North Carolina has failed to pass a budget, with Medicaid managed care and Medicaid expansion being two of many impasses that the General Assembly cannot overcome.

According to The Daily Tar Heel, the 2019 session was one of the longest sessions in the state’s history, yet nonetheless the budget remains untouched from last year—which effectively means there is no budget.

The lack of compromise has significant impacts for the Medicaid program since North Carolina is a non-expansion state. Its Medicaid program, therefore, relies heavily on state dollars.

“Each state has to make hard choices on how we are able to spend our Medicaid dollars. Particularly in North Carolina, our General Assembly does a ton of work and is in a lot of the details related to Medicaid spend,” Secretary of the North Carolina Department of Health and Human Services Mandy Cohen, MD, told HealthPayerIntelligence.com.

With the General Assembly in its present state, however, and less federal funding than other states, North Carolina’s Medicaid program has to be resourceful.

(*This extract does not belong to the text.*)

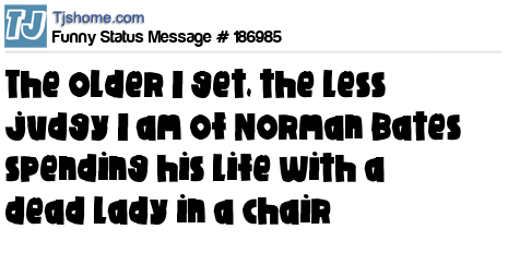 X says The older I get, the less judgy I am of Norman Bates spending his life with a dead lady in a chair
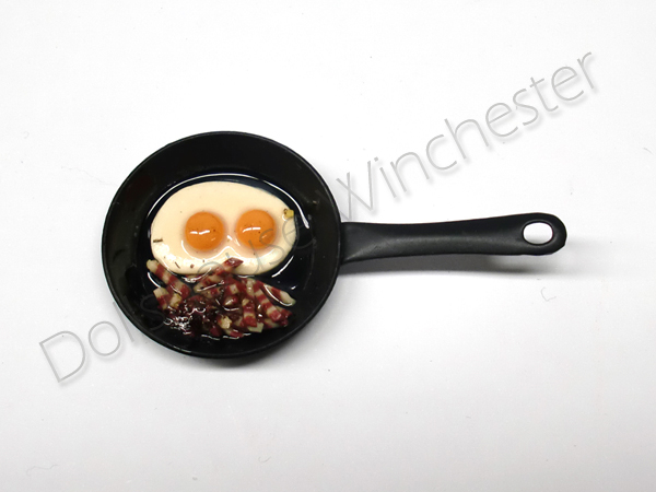 英国より直輸入 1/12サイズのドールハウス用品です。Frying Pan with Bacon & Eggsサイズ: 49x26x7 mm

“We try to do whatever we can to get other sources of funding that will plug holes that Medicaid expansion could have been providing,” Secretary Cohen said.

North Carolina’s Medicaid program has to use one-time grant money to supplement its funding stream. The effects of this are particularly visible in how North Carolina battles the opioids crisis.

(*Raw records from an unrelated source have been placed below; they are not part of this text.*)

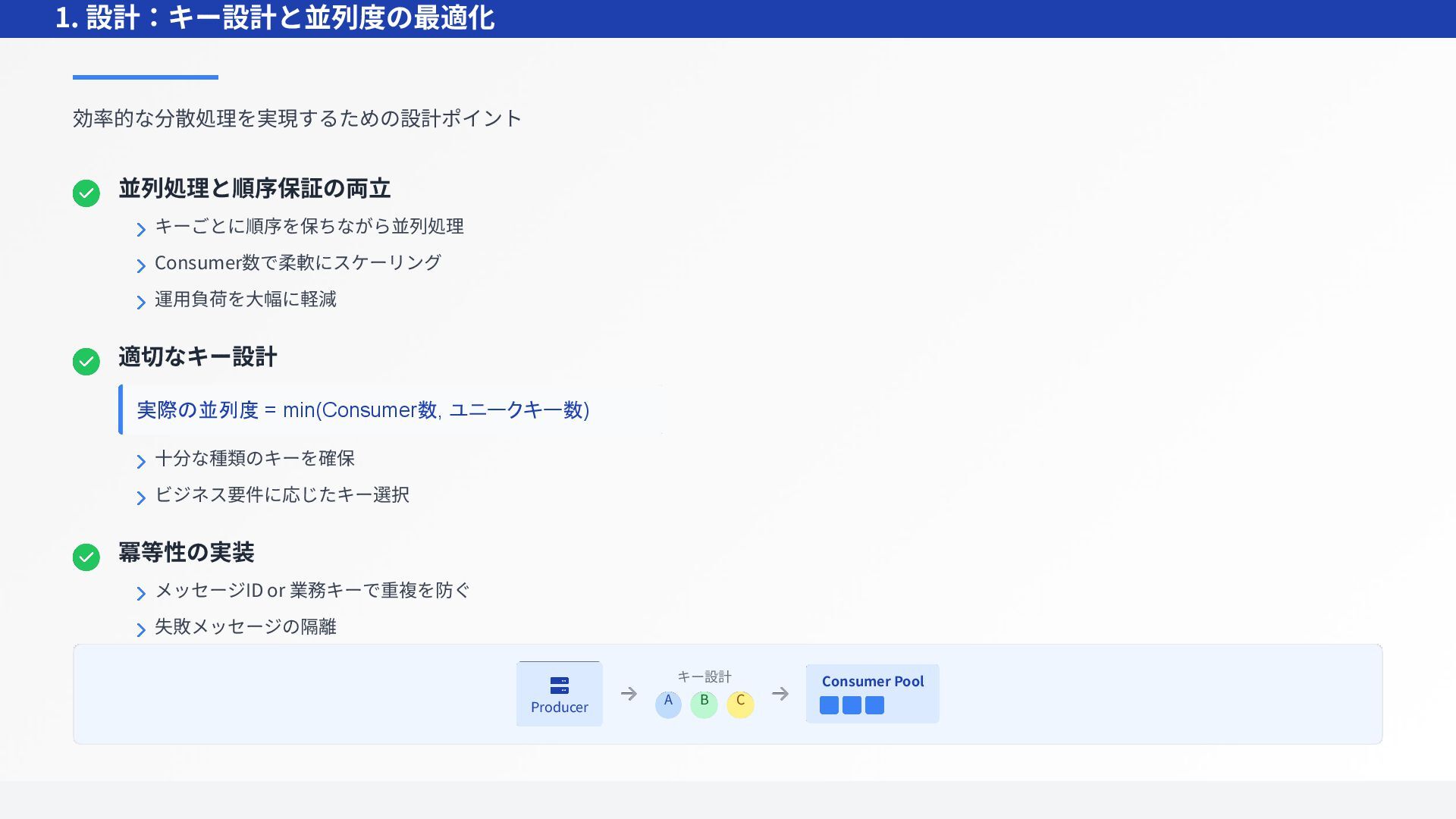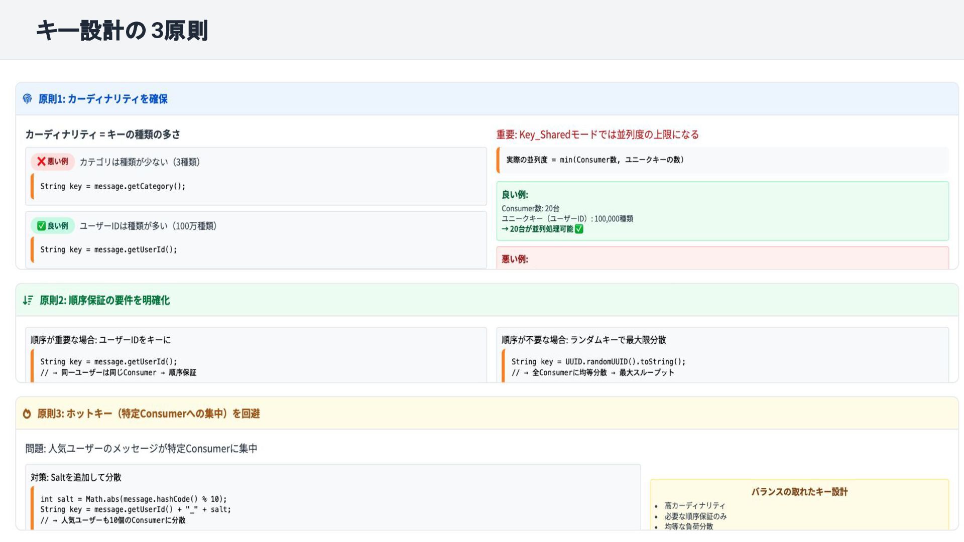 30台 ユニークキー(ユーザーID): 100,000種類 → 20台が並列処理可能 ✅ 悪い例: Consumer数: 20台 ユニークキー(カテゴリ): 3種類 → 3台のConsumerしか稼働しない ❌ 順序が不要な場合: ランダムキーで最⼤限分散 String key = UUID.randomUUID().toString(); // → 全Consumerに均等分散 → 最大スループット バランスの取れたキー設計 • ⾼カーディナリティ • 必要な順序保証のみ • 均等な負荷分散
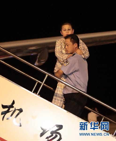 8月25日,一名警察将一名小伤员送上飞机。当日,南方航空公司一架包机将12位伤情较重的伊春空难伤员从伊春转运到哈尔滨,接受进一步治疗。 新华社记者邢广利摄
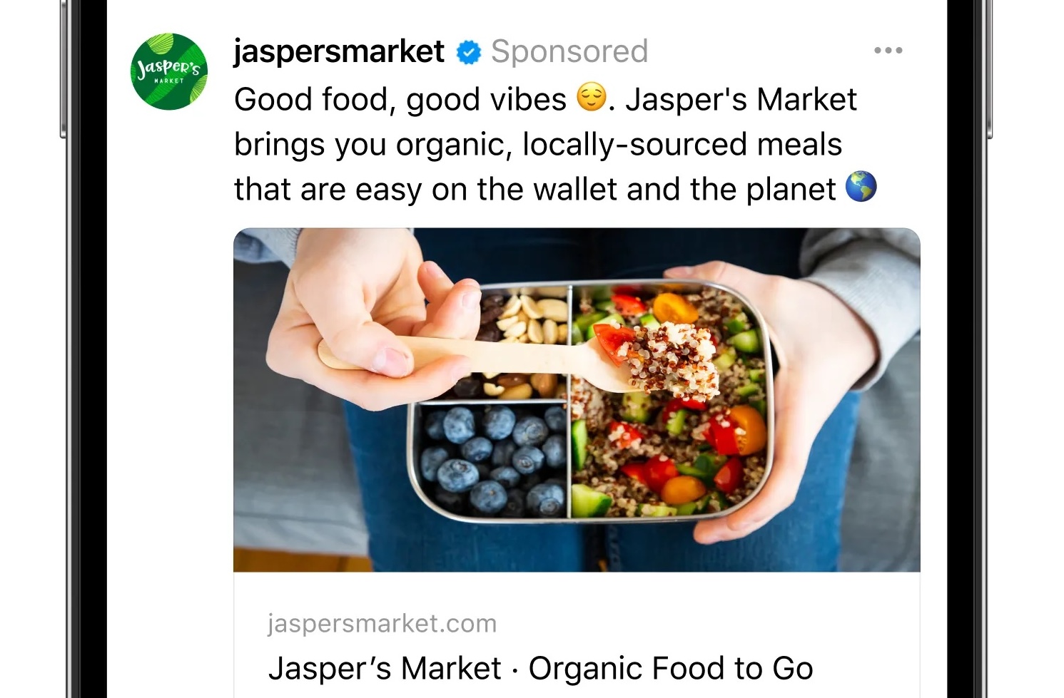 스레드 광고는 인스타그램 광고처럼 피드 중앙에 이미지로 노출됩니다. 메타 관리자 계정에서 설정할 수 있어요. 광고 옆에는 Sponsored 마크가 붙게 됩니다.
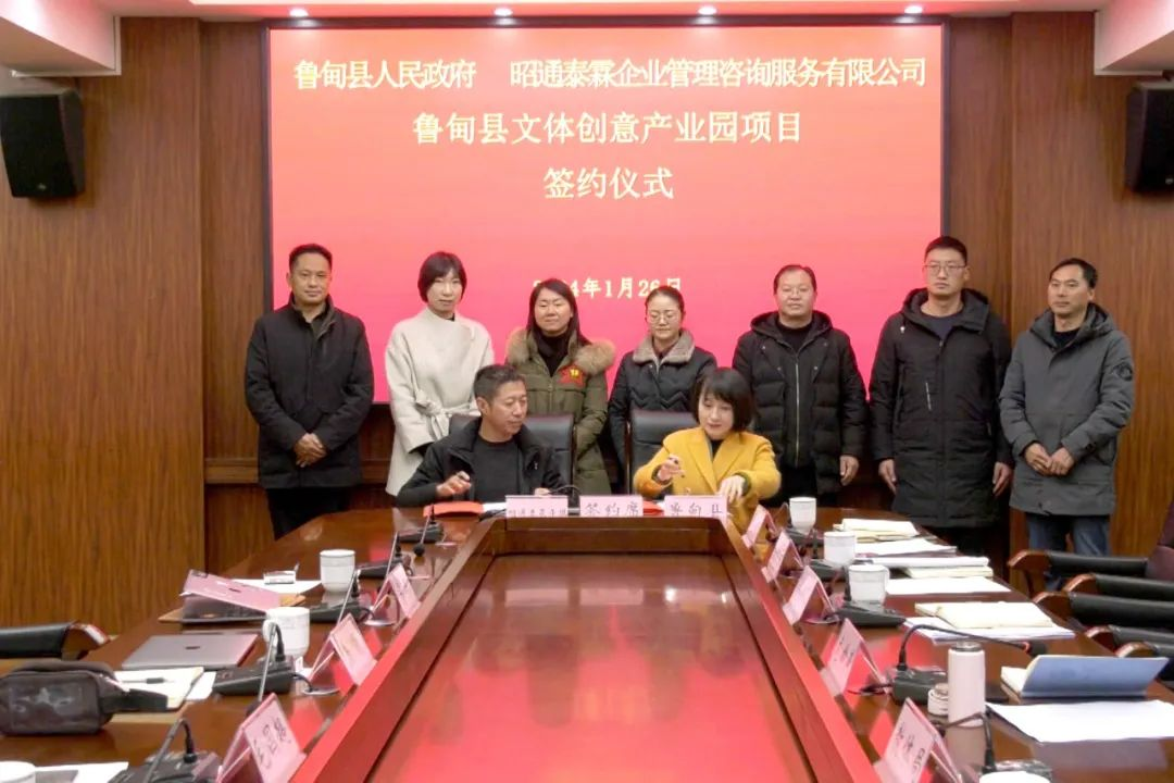 1月26日,魯?shù)榭h人民政府與昭通泰霖企業(yè)管理咨詢服務(wù)有限公司簽訂魯?shù)榭h文體創(chuàng)意產(chǎn)業(yè)園項(xiàng)目合作框架協(xié)議。

“What has been hard is that, if we had Medicaid expansion, we could have been using those federal dollars to help even more people, as well as to invest in things other than treatment. So, we have had to divert the large part of our federal grants to fight the opioid crisis,” Secretary Cohen explained.

Having failed to pass a state budget for 2020 to 2021 in the long session, North Carolina’s budget will now be stalled until April 28 at the earliest, according to The Daily Tar Heel.

As the debates progress, Medicaid programs find themselves caught in the middle of political tensions that influence their funding streams.